This script implements several critical safeguards:
- Compression: Using gzip reduces the storage footprint of the SQL dumps.
- Integrity: Generating a sha256sum ensures that the backup has not been corrupted.
- Retention: The find command automatically deletes files older than 30 days to prevent disk exhaustion.
- Clean Dumps: The --no-owner and --no-acl flags ensure that the backup can be restored to a different database user or environment without ownership conflicts.

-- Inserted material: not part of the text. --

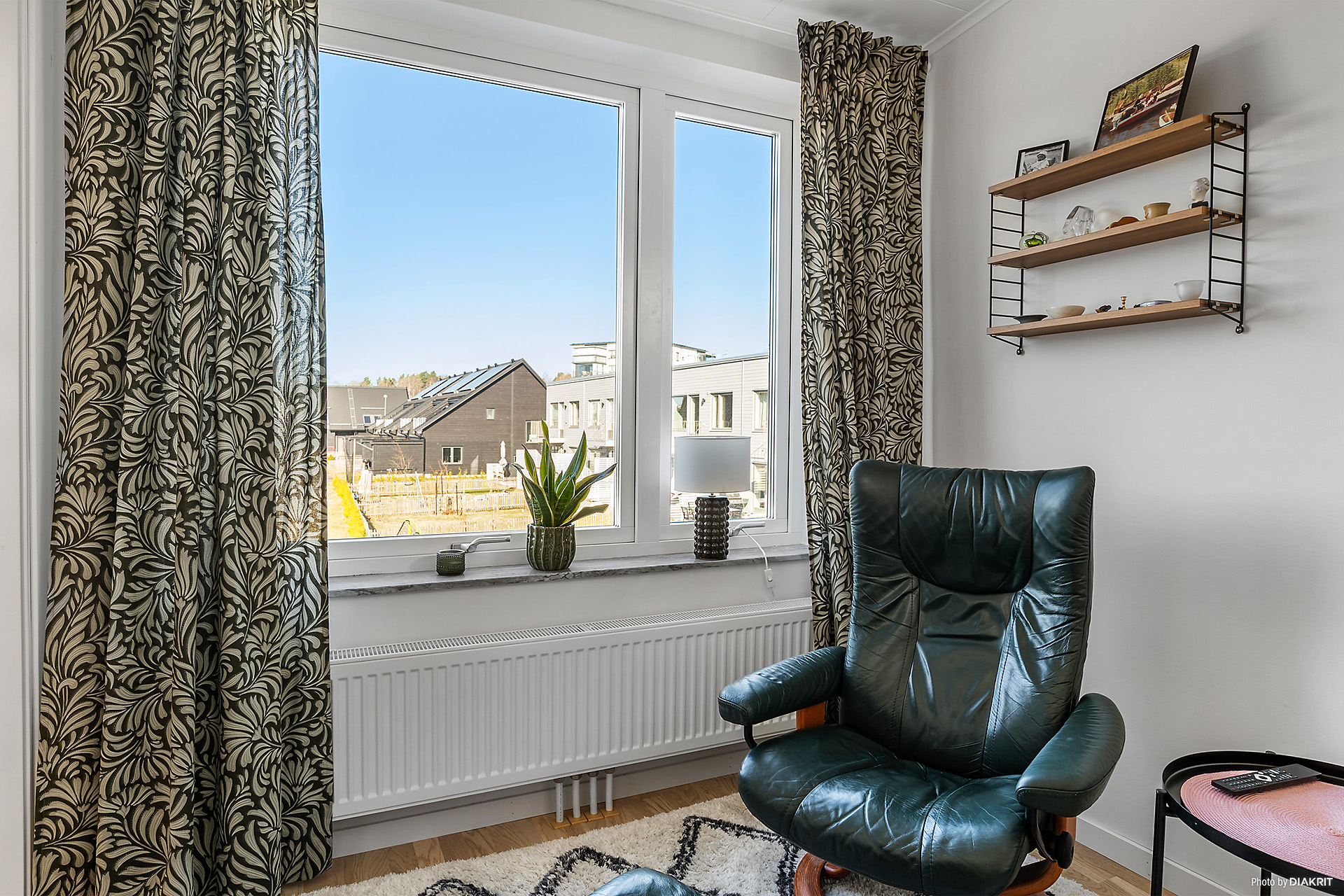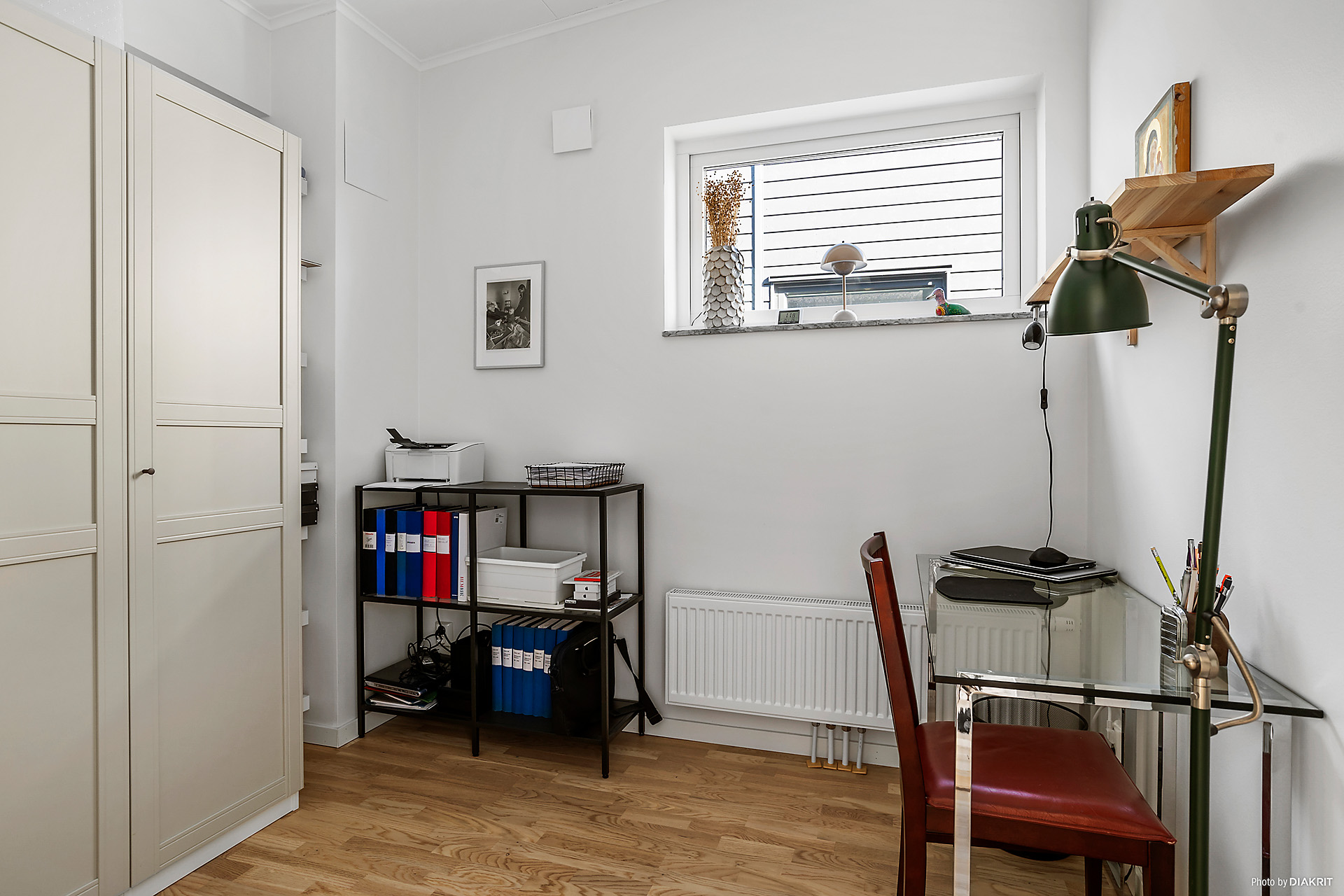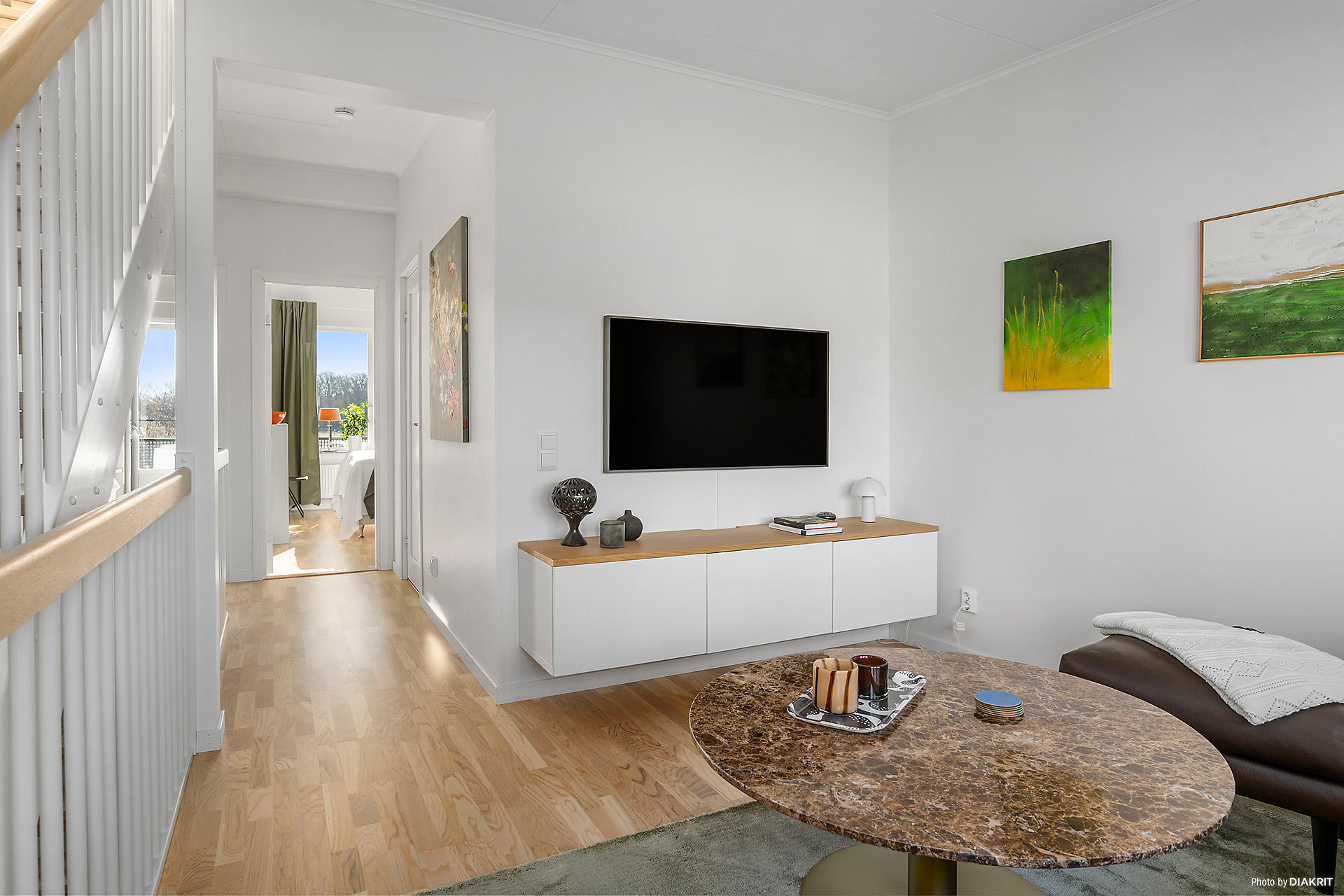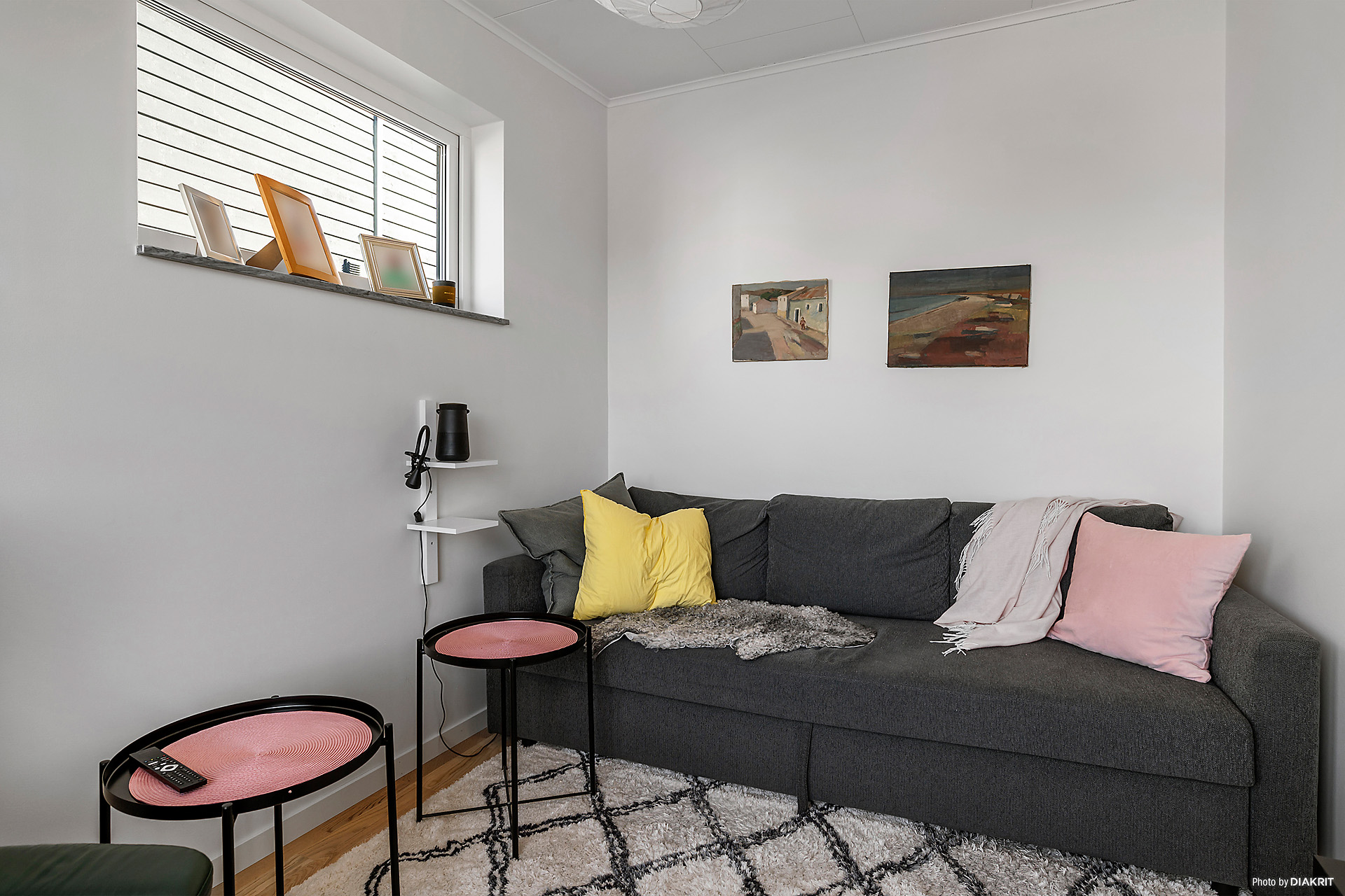 Ett skönt extra allrum för barnen eller för tv rummet. Fönster mot entrésidan. Trappa mot takplan/takterrass

Performance Degradation and Troubleshooting

Over time, K3s clusters utilizing an external PostgreSQL database may experience significant performance issues, particularly as the cluster ages or grows in complexity.

Identifying Slow SQL Queries

One common symptom is the occurrence of "Slow SQL queries" in the logs, which manifests as timeouts when executing kubectl commands. In clusters running for extended periods (e.g., over 3 years in homelab environments), the database can become a bottleneck.

The root cause is often identified by analyzing the execution plan of the slow queries using EXPLAIN in a tool like pg_cli. A frequent culprit is the "Seq Scan" (Sequential Scan).

A Sequential Scan occurs when the PostgreSQL engine must read every single row in a table to find the relevant records because no suitable index exists or the optimizer decided a scan was more efficient. In a K3s context, these scans often happen against the kine (the K3s database adapter) tables.

Environmental Factors in Performance Failure

Performance issues are often tied to specific environmental configurations. For example, issues have been reported in environments with:
- K3s versions such as v1.28.5+k3s1.
- Operating systems like Fedora 39 (kernel 6.6.9-200.fc39.x86_64).
- PostgreSQL versions like 15.4-1.fc39.x86_64.
- Cluster sizes consisting of 2 servers and 6 nodes.

When these symptoms appear, administrators should investigate the database indices and the kine configuration to determine if the sequential scans can be converted into index scans.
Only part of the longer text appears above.